Ubiquitous Office ’97 clip art, as found on bad presentations and photocopied fliers everywhere

[Forenote: the title of this post references a volume of Spike Milligan’s memoirs, and its claim should be taken with the same degree of seriousness]

Back in September 2022 I posted some initial thoughts here about AI Art, trying to be as objective as I could.

Things have changed since then: the AI Art “industry” has ramped up its hyperbole (and energy consumption) significantly. And my opinion on AI — specifically on how AI is being developed and used under the demands of late-stage capitalism, and on the low quality of its output — has only become more negative.

Written AI spam now has its own name — slop — and AI-generated images are the Office ’97 Clip Art of today - instantly recognisable, and rapidly becoming a telltale sign of a lack of quality of whatever they’re adorning (and, by turn, of any product they’re promoting).

As you can probably guess, I’m not in favour of my artwork being used to train AI image generators without my permission, so here’s what I’ve been doing/investigating:

Opting out on third-party services I use (where possible)

I recently completed the “Object to Your Information Being Used for AI at Meta” form accessible via a notification from Meta on my Instagram account, and received an email from Instagram saying We’ve reviewed your request and will honor your objection.

Chances of it stopping them using my images without my permission: possibly this will work in the short-term unless/until Meta decides to rewrite its Terms and Conditions to force people to have their data used.

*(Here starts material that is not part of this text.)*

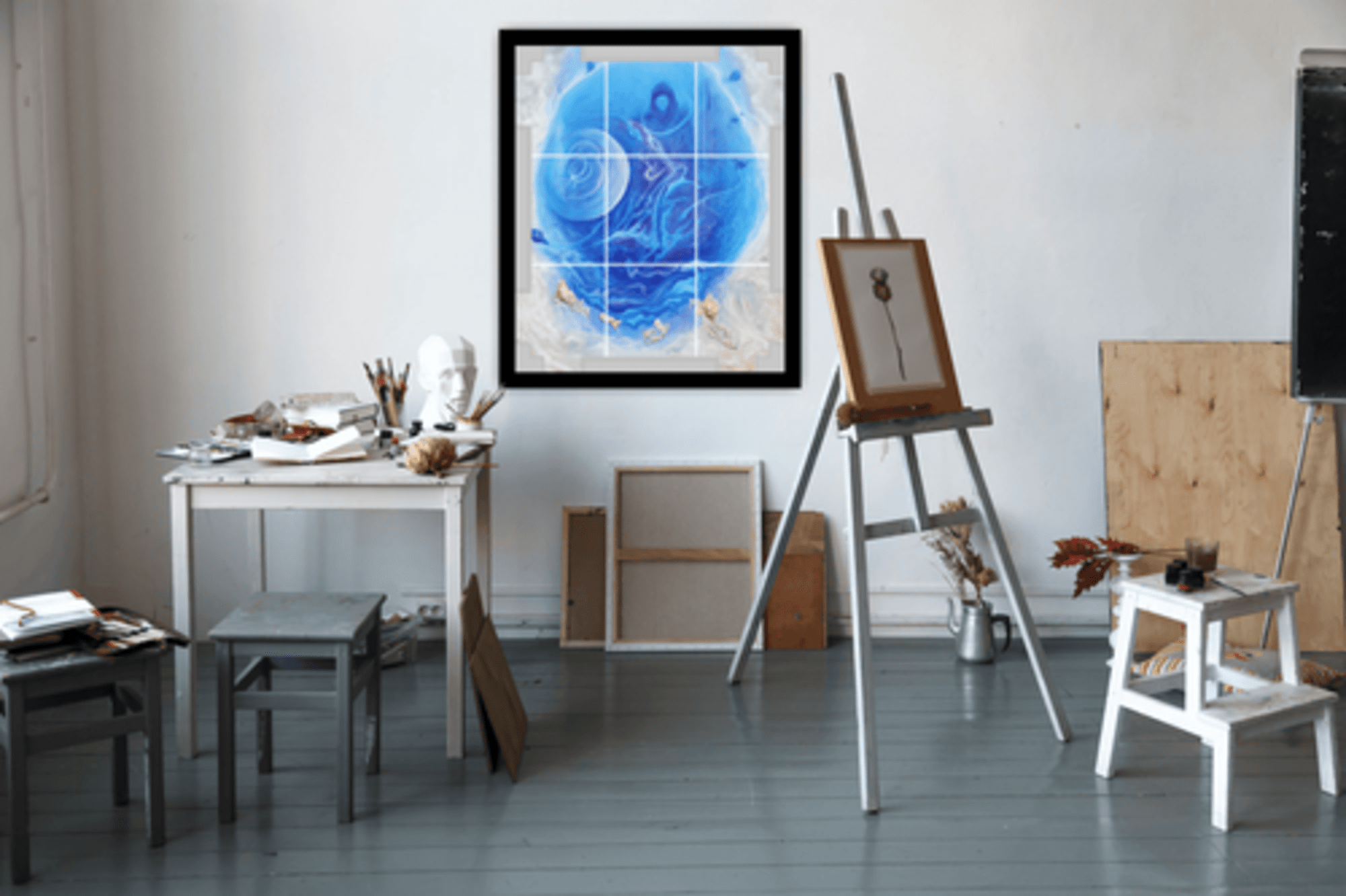 Le tableau est vernis en mat à la bombe aérosol avec 2 couches pour une protection à long terme.

At that point it’s a decision between closing my Instagram account (which does draw in a few sales of my artwork) and giving in to Meta’s use of my work.

Telling AI scrapers that they can’t use my website’s text/images (done)

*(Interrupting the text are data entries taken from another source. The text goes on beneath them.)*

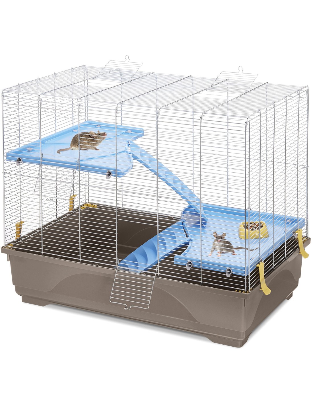 La jaula incluye una rueda de ejercicio, un comedero, un bebedero y una casita, cubriendo todas las necesidades básicas de tus roedores.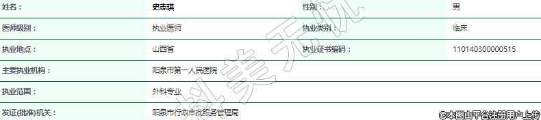 主要執(zhí)業(yè)機(jī)構(gòu):陽泉市第一人民醫(yī)院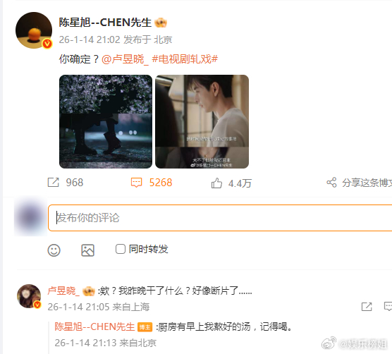 陈星旭回复卢昱晓《轧戏》陈星旭卢昱晓互动谁嗑到了,宇总嘴上说“没当真”,心里已经

My robots.txt file tells multiple known bots/scrapers that they are forbidden from accessing my site, and additionally I’ve also set up an ai.txt file, based on a proposal that’s been going round.

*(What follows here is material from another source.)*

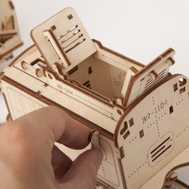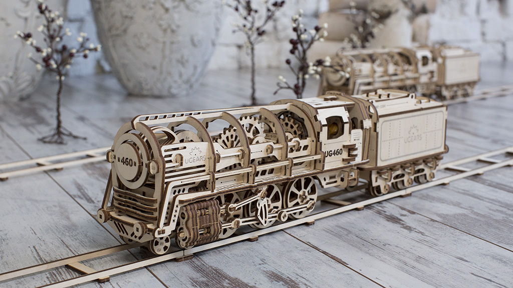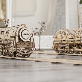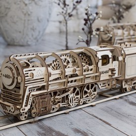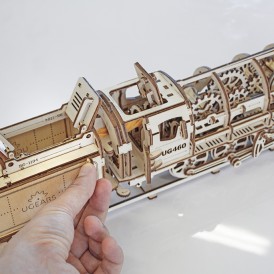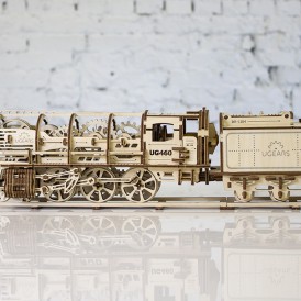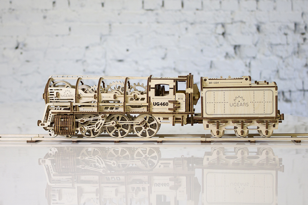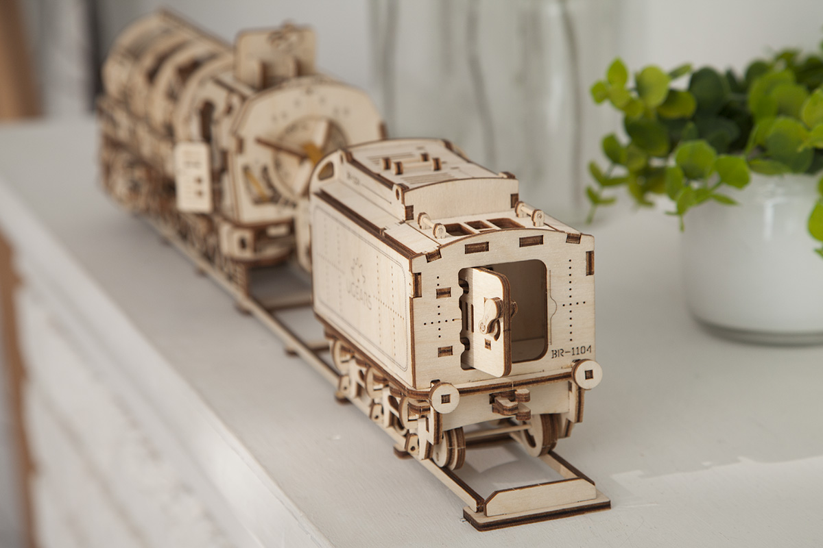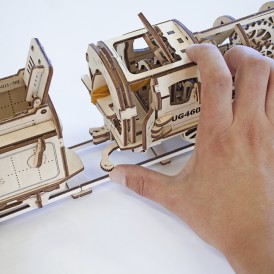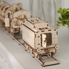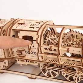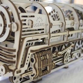 Деревянный конструктор локомотив с вагоном – самая подробно проработанная модель среди конструкторов UGEARS, со своей механикой. Вы сможете увидеть работу двигателя в полной мере. Элементы мотора, работу поршней видно через открытую крышку локомотива.

The trouble with the robots.txt approach is that it’s whack-a-mole - you have to individually exclude scrapers when you discover them.

Chances of it stopping them using my images without my permission: Very low - I suspect the AI wantrepreneurs are too busy dreaming of becoming the next billionaire Bezos or Zuckerberg to worry about whether they’re following long-standing conventions such as robots.txt (or indeed laws).

Protecting and poisoning my image files (investigating)

The Glaze Project has released two interesting pieces of software that you can use to post-process your images before uploading them.

The first, Glaze, disrupts style mimicry by AI systems. The second, Nightshade, works in a similar fashion to Glaze, but instead of just disrupting AI’s ability to mimic the style of an image, it “poisons” the AI learning model.

I’d use both of these in a heartbeat, but unfortunately they’re only available for Windows and MacOS, and my entire set-up is running on Linux.

There is an online web version called WebGlaze, but it’s invite-only and the process is cumbersome (it emails you the “glazed” images).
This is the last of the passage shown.